Why DNSSEC May Not be a Good Thing

Recently, DNSSEC has been rolling out into major DNS servers, including those that service the .org zone and now the root zone. This sounds at first glance like a good thing: all responses from DNS servers are validated, and it becomes impossible for man-in-the-middle attacks to take place.

However, there are commercial uses for “man-in-the-middle” operations; OpenDNS is one that comes immediately to mind. Indeed, OpenDNS is opposed to DNSSEC and has implemented DNSCurve instead.

The main problem (for this discussion) is that DNSSEC completely removes the possibility of a man-in-the-middle – that is, it is impossible for a DNS server like OpenDNS to return a different IP address than the actual DNS address of a machine.

The OpenDNS article also suggests that Akimai and the NTP Pool Project will both be affected by this as well. In these cases, the problem is that when a name is presented to the DNS server, it chooses a particular IP address based on parameters of its choosing – so a one-to-one mapping of DNS name to IP address is irrelevant and impossible.

This also suggests that DNS round robin for clusters would be impossible to implement with DNSSEC active as well.

DNSSEC also interferes with split horizon DNS configurations, although there are ways to make it work.

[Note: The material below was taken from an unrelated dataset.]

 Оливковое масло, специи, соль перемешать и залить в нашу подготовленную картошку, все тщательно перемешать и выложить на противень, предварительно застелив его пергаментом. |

It will be interesting to see what becomes of DNSSEC if commercial interests like OpenDNS and Akimai speak out against it.

One thought on “Why DNSSEC May Not be a Good Thing”

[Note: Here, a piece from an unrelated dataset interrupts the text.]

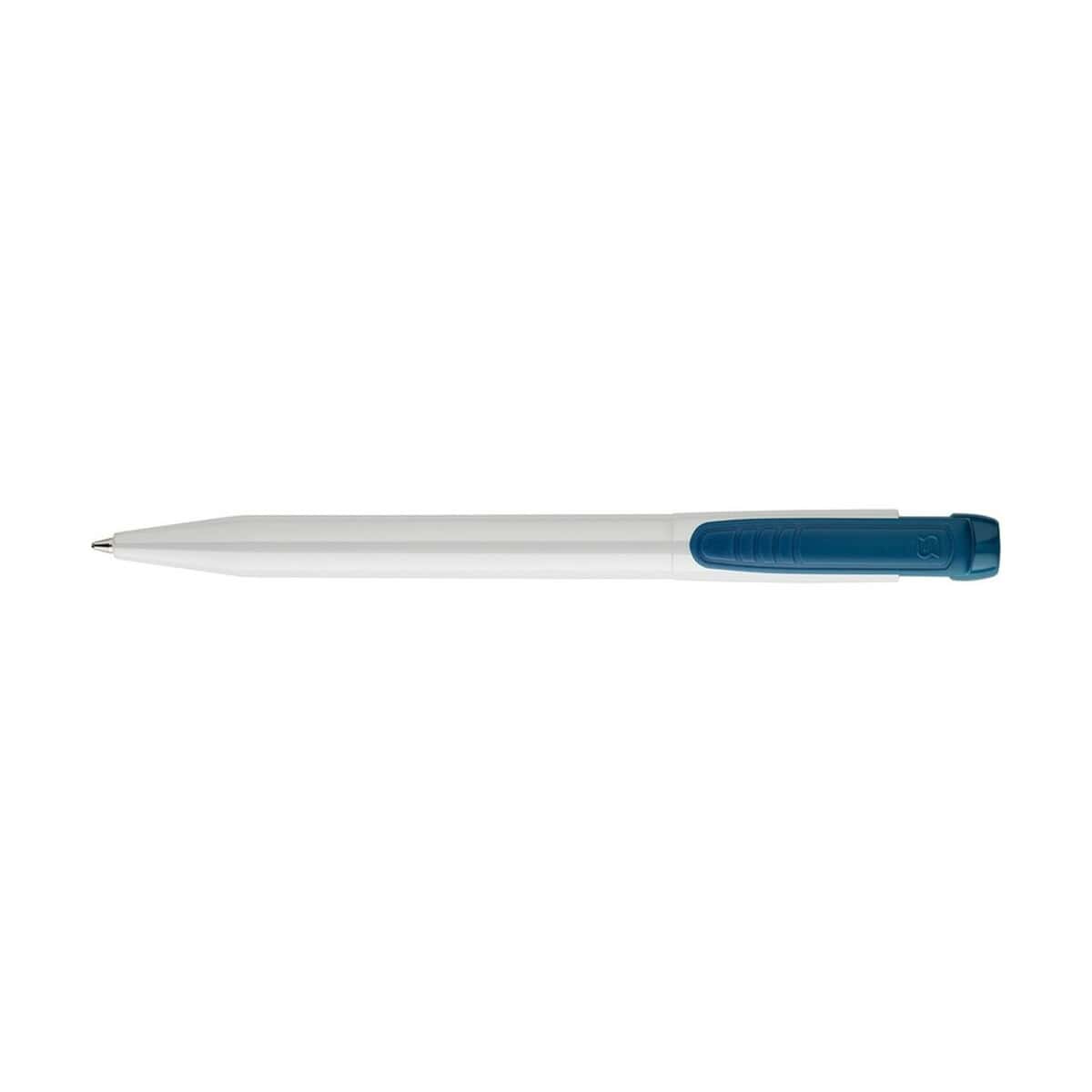 Długopis Stolinea to doskonały, przyciągający spojrzenia gadżet, który stanie się wizytówką każdej kampanii promocyjnej 😊. Biały trzon kontrastuje tu z bogatą paletą barw klipu – od błękitnego, przez limonkowy i fuksję, aż po elegancką czerń. Dzięki wymiarom ø1,4 × 13,5 cm i wadze zaledwie 9 g produkt jest lekki, a jednocześnie solidny, bo wykonany z ABS, plastiku, niklu i metalu. Wkład w intensywnie niebieskim kolorze kryje w sobie renomowany tusz German Dokumental Ink, gwarantując płynne i równomierne prowadzenie linii. ✍️

  1. Well, if you run a service that cannot be used with DNSSEC, you can always choose to not sign your zone. Noone will force you to sign it.

    OpenDNS will still be able to provide their “enhanced” resolver service, and still validate the responses, as long as the clients using their resolvers do not do validation on their own.

    Akamai just annouced that they as of now are offering DNSSEC services, both signing customer zones as well as hosting already signed zones.

    If you mean round-robin with multiple A RRs in the zone, that is perfectly doable with DNSSEC. Just sign the RRset and be done with it. There are also ways to sign dynamic updates. And I’m sure there are (or already exist) ways to sign records “on the fly” with custom made DNS software that return different A-records based on the clients location.

    I personally believe DNSSEC will grow. The speed have already increased quite a bit now when we have the root signed.